Wednesday, July 18, 2007

I have recently begun using a nice new clinical test for meniscus tears. It is called the Thessaly Test (I thought we were going to quit naming things like this after ourselves, lol). It is a weight bearing test, so it's fairly functional. The Abstract can be found on the Journal of Bone and Joint surgery. The test basically requires the practitioner to hold the hands of the patient who is standing on one leg. The patient then bends to 5° and twists medially then laterally. The test is repeated at 20°. Positive test equates to reproduction of pain, catching or popping.

Here is a summary from EBM Online:

Diagnostic characteristics of the Thessaly test at 20° of knee flexion for identifying meniscal tears*
Diagnosis Sensitivity (95% CI) Specificity (CI) Accuracy +LR –LR

Medial meniscal tear 89% (83 to 94) 97% (94 to 98) 94% 26.9 0.11
Lateral meniscal tear 92% (78 to 98) 96% (93 to 98) 96% 22.9 0.08

*Diagnostic terms defined in glossary; CI and LRs calculated from data in article.


In my experience, the test is easy to administer and less physical work needed by the practitioner compared to McMurray's or Apley Grind. However, like McMurray's or Apley, in the clinic, they don't quit appear as strong individually as they do when grouped.

1 comments:

Jason L. Harris, PT, DPT said...

A Comment on the statistics, which appear very strong.

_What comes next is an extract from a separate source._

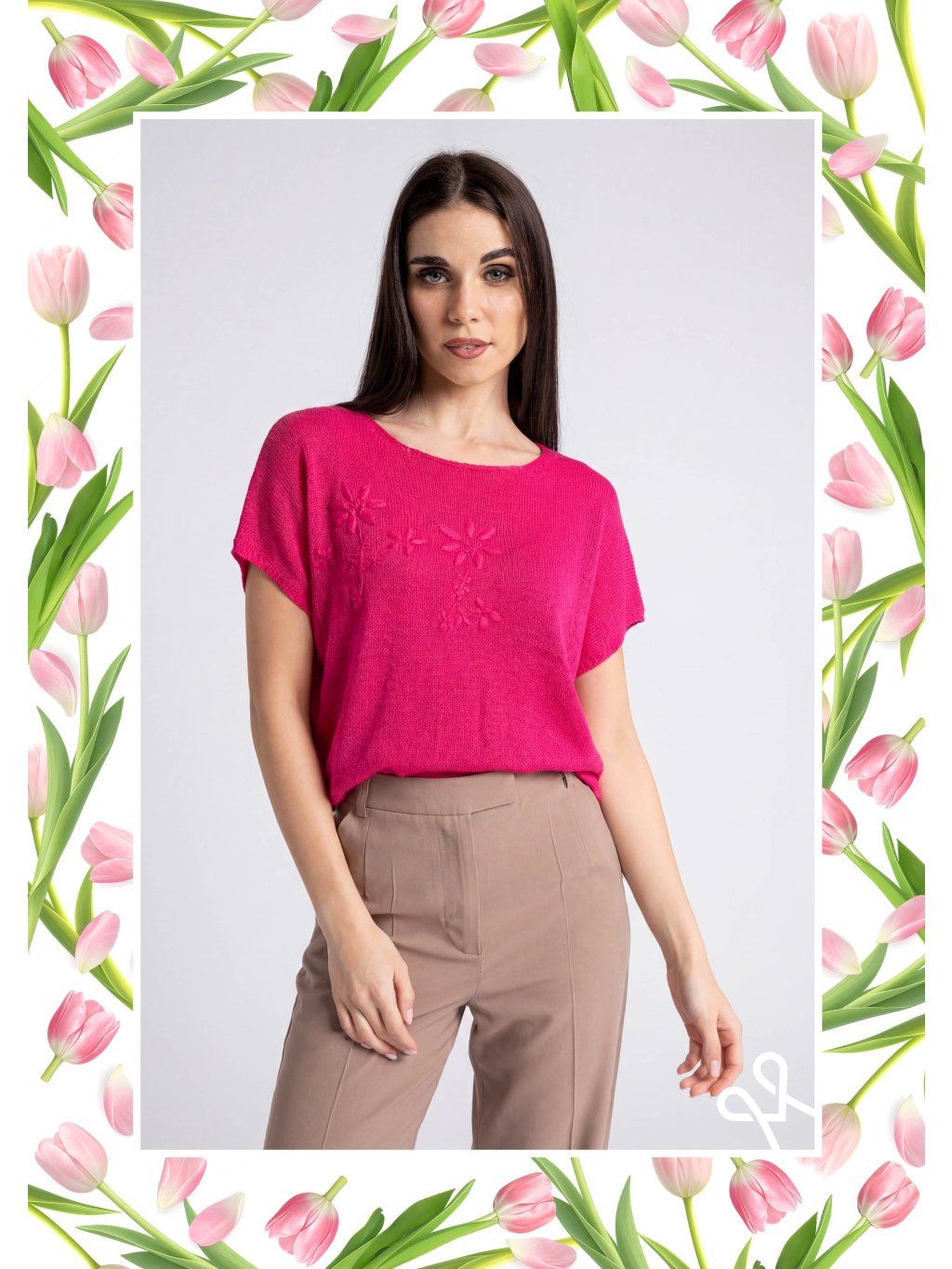 Sýtoružový MAGENTA pletený top zaujme na prvý pohľad svojou výraznou farbou, ktorá pôsobí sviežo, žensky a energicky. Má voľnejší, pohodlný strih s krátkymi rukávmi, ktoré jemne splývajú cez ramená a dodávajú mu ležérny charakter. Výstrih je okrúhly a decentný, čo zvýrazňuje jednoduchosť a univerzálnosť tohto kúsku.

1. Often, a test that has high specificity (ie if positive rules the condition in) does so at the expense of sensitivity (ie if negative rules the condition out). This has both high specificity and sensitivity. Meaning, if positive they likely have a meniscal tear and if negative it's very likely the don't have a meniscal tear.

2. Likelihood rations (+ and -): These are a function of the specificity of the specificity and sensitivity. For Positive Likelihood ratios (+LR) anything over 10 is a "Large and often conclusive increase in the likelihood of disease" or condition. This test ranges from 22.9 for the lat meniscus and 26.9 for the med meniscus. That is a very large shift in positive likelihood. For the negative likelihood ratio, anything less than 0.1 is "Large and often conclusive decrease in the likelihood of disease".

Here is a good link that discusses + and - likelihood ratios is you want a greater explanation:
http://www.poems.msu.edu/InfoMastery/Diagnosis/likelihood_ratios.htm

Point is, this paper demonstrates a very significant statistically important test to rule in and even rule out meniscus tears. Add it to your diagnostic toolkit.